Would you put your life in Google's (NASDAQ:GOOG) hands? How about your family's health? Sounds scary, doesn't it?

The Big G is getting its Google Health initiative up to speed, and hopes that you might actually want to place your trust in a faceless search engine from California. There's big money at play here.

It's not quite as frightening as piping your browsing history into one of those Intuitive Surgical (NASDAQ:ISRG) da Vinci robots and then telling it to fix you up. We're years away from that level of automation. Instead, Google can import some of your medical history into its Health systems.

The pilot program -- in Utah and Arizona -- pulls in Medicare claims data on your request. A few doctors already update your Google Health history for you if you ask very nicely. Lab services like Quest Diagnostics (NYSE:DGX) and pharmacies including Walgreen (NYSE:WAG) and CVS Caremark (NYSE:CVS) are also on board, and I've already linked up my Medco Health Solutions (NYSE:MHS) prescription management account to Google Health.

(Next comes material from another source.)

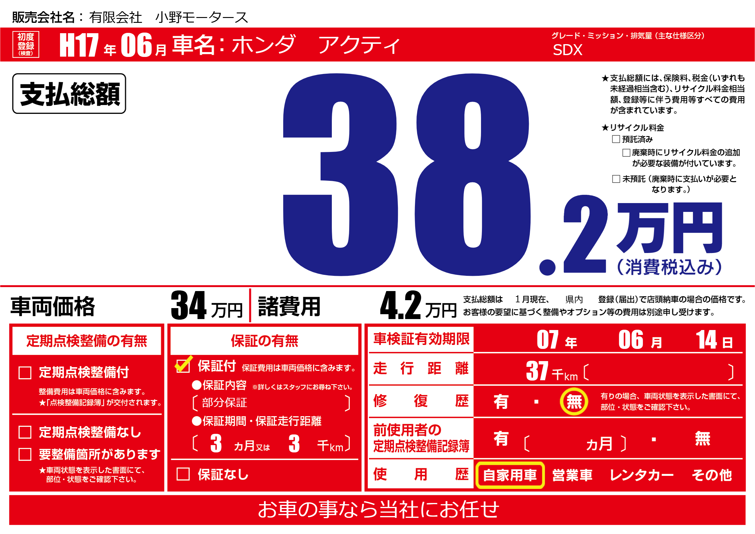 | 走行キロ | 3.7万km | 初年度登録 | H17年06月 |

But a nationwide rollout of the Medicare partnership would be a major boost for Google's health information project. 44 million Medicare beneficiaries would get the option to manage their health information in a one-stop online shop. You can allow family members and health-care providers to read parts of your history, with password protection. The obvious privacy problems seem to be well in hand, thanks to fine-grained control over who can see or update what information.

Microsoft (NASDAQ:MSFT) has a competing solution, though the HealthVault service seems aimed more at wellness and fitness management, and less at tracking your medical history.

I like the idea of having universal access to my health records, in case I ever step on a rusty nail in Guatemala or need to show a Swedish specialist why I need him. I want both Google and Microsoft to win, and then perhaps set their differences aside to interchange information with each other -- at the patient's request, of course. The Baby Boomer generation couldn't have picked a better time to approach their golden years, because health records management is moving into a new and better era.

Both HealthVault and Google Heath are free to the public and advertising-free. That may change once their user communities reach critical mass, so that Microsoft and Google can make some money here. Until then, it's a race to gather as many users as possible in a blissfully uncommercial embrace.